**Exercise description:**
Give the entries again exactly; drop the pictures.

━━━━━━━━

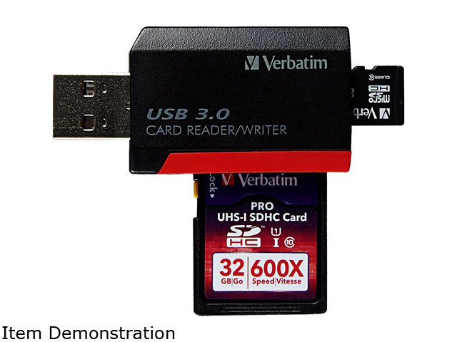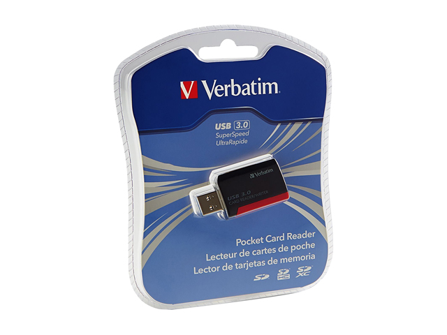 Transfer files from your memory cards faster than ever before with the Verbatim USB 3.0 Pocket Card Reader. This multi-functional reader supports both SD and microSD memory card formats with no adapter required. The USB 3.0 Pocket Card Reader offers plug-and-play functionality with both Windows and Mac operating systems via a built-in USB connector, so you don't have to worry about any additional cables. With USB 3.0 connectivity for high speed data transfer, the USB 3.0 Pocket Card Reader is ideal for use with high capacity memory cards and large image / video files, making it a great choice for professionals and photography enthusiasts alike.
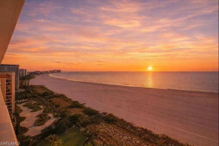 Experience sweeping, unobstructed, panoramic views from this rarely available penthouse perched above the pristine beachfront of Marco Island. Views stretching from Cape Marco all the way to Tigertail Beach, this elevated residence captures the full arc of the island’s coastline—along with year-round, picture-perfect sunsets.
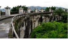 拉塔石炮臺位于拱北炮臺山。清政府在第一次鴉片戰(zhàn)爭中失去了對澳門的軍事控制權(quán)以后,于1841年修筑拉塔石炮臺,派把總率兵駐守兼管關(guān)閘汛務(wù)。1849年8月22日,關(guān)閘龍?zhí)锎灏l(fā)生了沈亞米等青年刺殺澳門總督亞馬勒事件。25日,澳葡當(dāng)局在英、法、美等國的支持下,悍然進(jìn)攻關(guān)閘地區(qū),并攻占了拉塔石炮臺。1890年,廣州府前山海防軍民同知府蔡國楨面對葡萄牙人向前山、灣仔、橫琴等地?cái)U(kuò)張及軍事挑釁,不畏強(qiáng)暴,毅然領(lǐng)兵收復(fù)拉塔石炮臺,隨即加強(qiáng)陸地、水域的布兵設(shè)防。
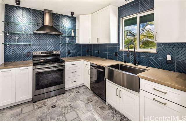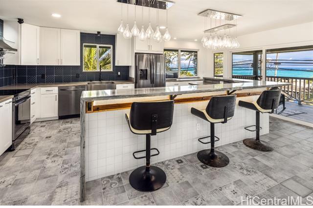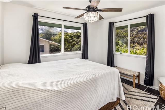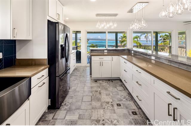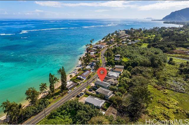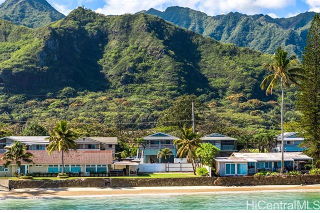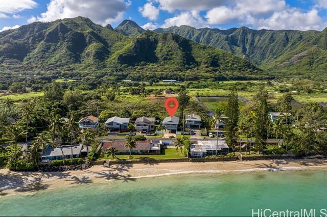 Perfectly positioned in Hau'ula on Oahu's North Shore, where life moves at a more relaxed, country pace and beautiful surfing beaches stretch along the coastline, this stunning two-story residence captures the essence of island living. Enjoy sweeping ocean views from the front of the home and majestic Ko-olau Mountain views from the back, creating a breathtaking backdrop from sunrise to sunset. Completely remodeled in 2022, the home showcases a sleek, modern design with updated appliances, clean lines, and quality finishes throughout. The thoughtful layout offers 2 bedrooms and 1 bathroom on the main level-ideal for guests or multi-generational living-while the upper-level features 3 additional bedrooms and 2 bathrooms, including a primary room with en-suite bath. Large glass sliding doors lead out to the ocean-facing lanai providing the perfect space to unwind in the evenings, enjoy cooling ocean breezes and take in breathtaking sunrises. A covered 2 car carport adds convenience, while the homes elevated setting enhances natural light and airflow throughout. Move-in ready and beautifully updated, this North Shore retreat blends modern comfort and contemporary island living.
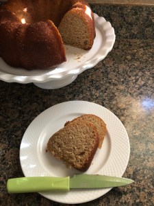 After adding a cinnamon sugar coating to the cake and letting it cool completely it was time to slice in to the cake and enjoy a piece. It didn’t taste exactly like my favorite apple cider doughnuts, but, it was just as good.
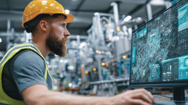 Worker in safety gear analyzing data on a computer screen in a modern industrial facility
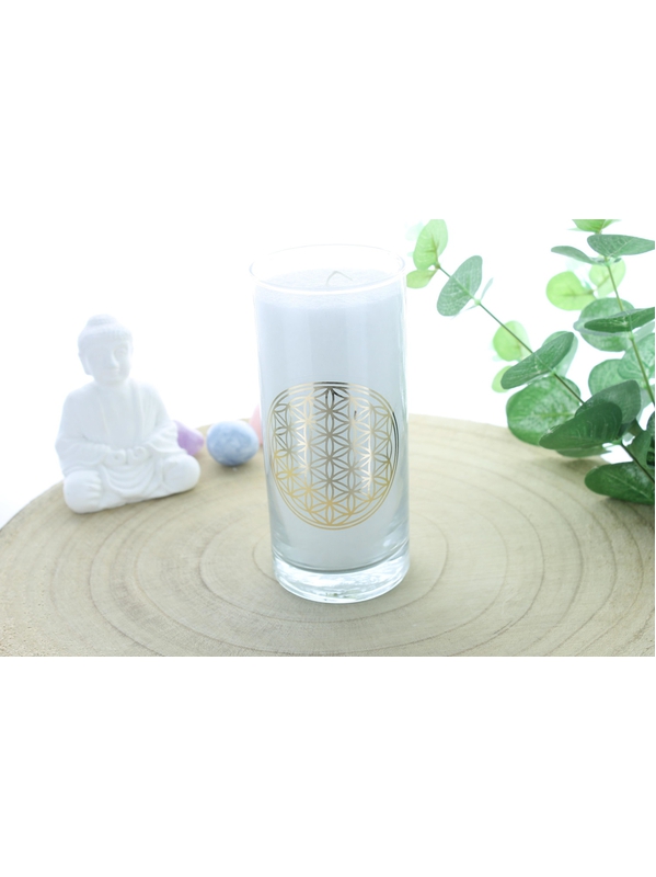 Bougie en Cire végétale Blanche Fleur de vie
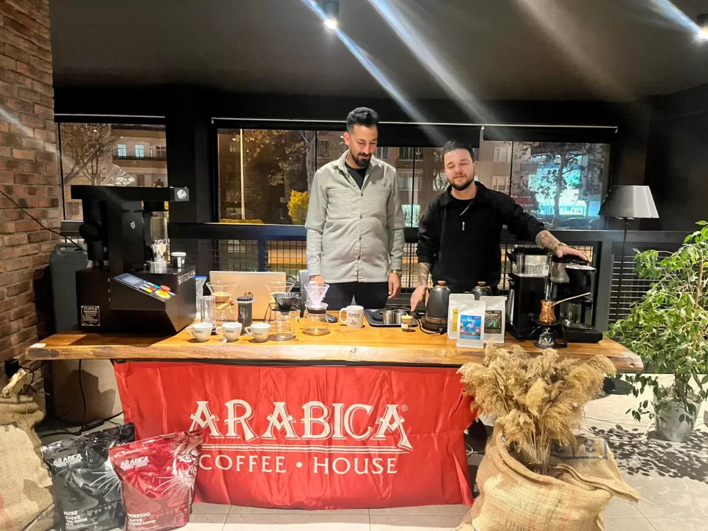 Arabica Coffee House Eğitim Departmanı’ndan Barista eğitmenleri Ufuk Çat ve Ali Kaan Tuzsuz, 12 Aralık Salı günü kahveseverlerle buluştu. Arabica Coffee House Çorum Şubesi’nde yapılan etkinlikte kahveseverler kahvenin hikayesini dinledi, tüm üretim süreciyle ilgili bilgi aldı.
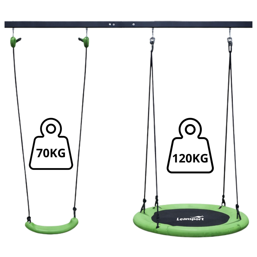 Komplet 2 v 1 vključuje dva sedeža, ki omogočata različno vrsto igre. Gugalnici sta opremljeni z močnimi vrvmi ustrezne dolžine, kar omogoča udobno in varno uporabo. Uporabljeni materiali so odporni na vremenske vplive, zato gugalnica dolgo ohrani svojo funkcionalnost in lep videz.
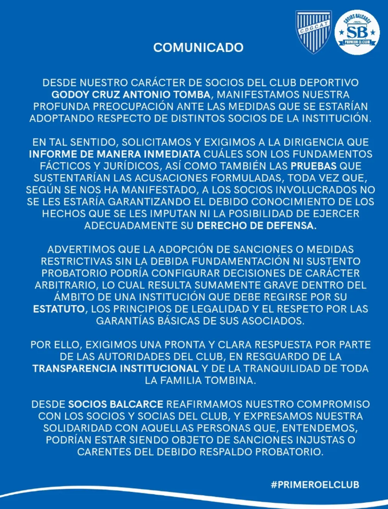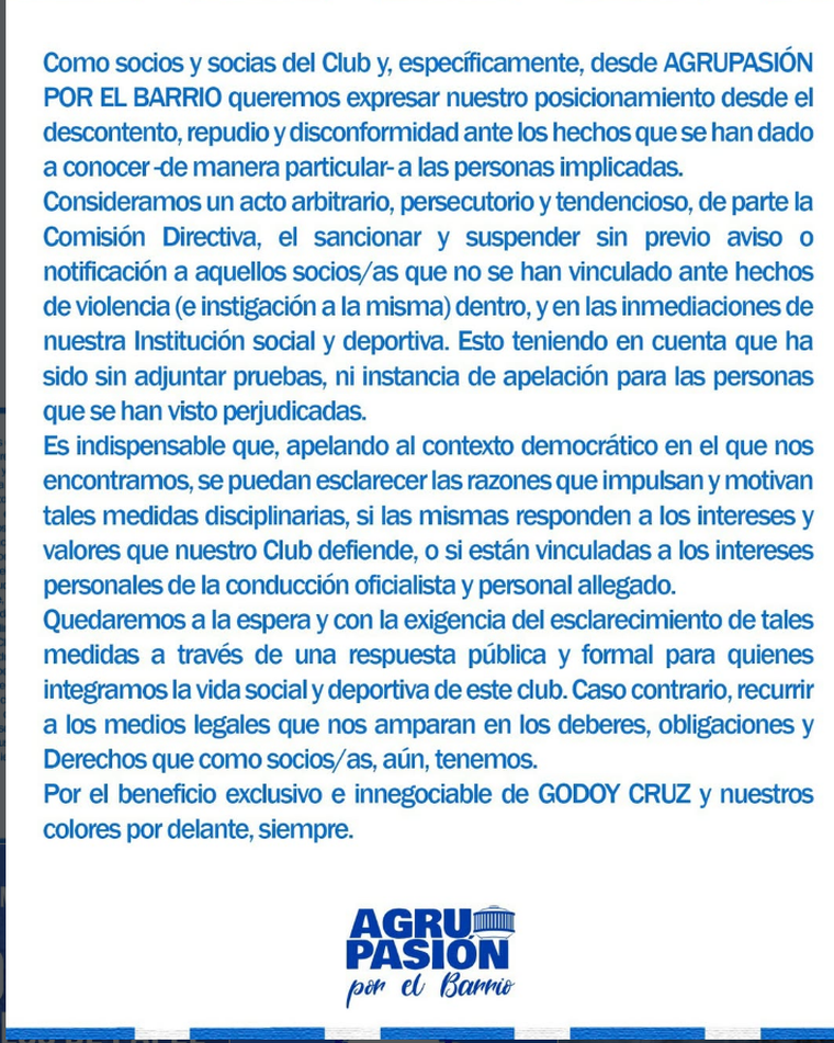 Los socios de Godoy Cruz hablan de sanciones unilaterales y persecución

━━━━━━━━

**Output of the task:**
 Transfer files from your memory cards faster than ever before with the Verbatim USB 3.0 Pocket Card Reader. This multi-functional reader supports both SD and microSD memory card formats with no adapter required. The USB 3.0 Pocket Card Reader offers plug-and-play functionality with both Windows and Mac operating systems via a built-in USB connector, so you don't have to worry about any additional cables. With USB 3.0 connectivity for high speed data transfer, the USB 3.0 Pocket Card Reader is ideal for use with high capacity memory cards and large image / video files, making it a great choice for professionals and photography enthusiasts alike.
 Experience sweeping, unobstructed, panoramic views from this rarely available penthouse perched above the pristine beachfront of Marco Island. Views stretching from Cape Marco all the way to Tigertail Beach, this elevated residence captures the full arc of the island’s coastline—along with year-round, picture-perfect sunsets.
 拉塔石炮臺位于拱北炮臺山。清政府在第一次鴉片戰(zhàn)爭中失去了對澳門的軍事控制權(quán)以后,于1841年修筑拉塔石炮臺,派把總率兵駐守兼管關(guān)閘汛務(wù)。1849年8月22日,關(guān)閘龍?zhí)锎灏l(fā)生了沈亞米等青年刺殺澳門總督亞馬勒事件。25日,澳葡當(dāng)局在英、法、美等國的支持下,悍然進(jìn)攻關(guān)閘地區(qū),并攻占了拉塔石炮臺。1890年,廣州府前山海防軍民同知府蔡國楨面對葡萄牙人向前山、灣仔、橫琴等地?cái)U(kuò)張及軍事挑釁,不畏強(qiáng)暴,毅然領(lǐng)兵收復(fù)拉塔石炮臺,隨即加強(qiáng)陸地、水域的布兵設(shè)防。
 Perfectly positioned in Hau'ula on Oahu's North Shore, where life moves at a more relaxed, country pace and beautiful surfing beaches stretch along the coastline, this stunning two-story residence captures the essence of island living. Enjoy sweeping ocean views from the front of the home and majestic Ko-olau Mountain views from the back, creating a breathtaking backdrop from sunrise to sunset. Completely remodeled in 2022, the home showcases a sleek, modern design with updated appliances, clean lines, and quality finishes throughout. The thoughtful layout offers 2 bedrooms and 1 bathroom on the main level-ideal for guests or multi-generational living-while the upper-level features 3 additional bedrooms and 2 bathrooms, including a primary room with en-suite bath. Large glass sliding doors lead out to the ocean-facing lanai providing the perfect space to unwind in the evenings, enjoy cooling ocean breezes and take in breathtaking sunrises. A covered 2 car carport adds convenience, while the homes elevated setting enhances natural light and airflow throughout. Move-in ready and beautifully updated, this North Shore retreat blends modern comfort and contemporary island living.
 After adding a cinnamon sugar coating to the cake and letting it cool completely it was time to slice in to the cake and enjoy a piece. It didn’t taste exactly like my favorite apple cider doughnuts, but, it was just as good.
 Worker in safety gear analyzing data on a computer screen in a modern industrial facility
 Bougie en Cire végétale Blanche Fleur de vie
 Arabica Coffee House Eğitim Departmanı’ndan Barista eğitmenleri Ufuk Çat ve Ali Kaan Tuzsuz, 12 Aralık Salı günü kahveseverlerle buluştu. Arabica Coffee House Çorum Şubesi’nde yapılan etkinlikte kahveseverler kahvenin hikayesini dinledi, tüm üretim süreciyle ilgili bilgi aldı.
 Komplet 2 v 1 vključuje dva sedeža, ki omogočata različno vrsto igre. Gugalnici sta opremljeni z močnimi vrvmi ustrezne dolžine, kar omogoča udobno in varno uporabo. Uporabljeni materiali so odporni na vremenske vplive, zato gugalnica dolgo ohrani svojo funkcionalnost in lep videz.
 Los socios de Godoy Cruz hablan de sanciones unilaterales y persecución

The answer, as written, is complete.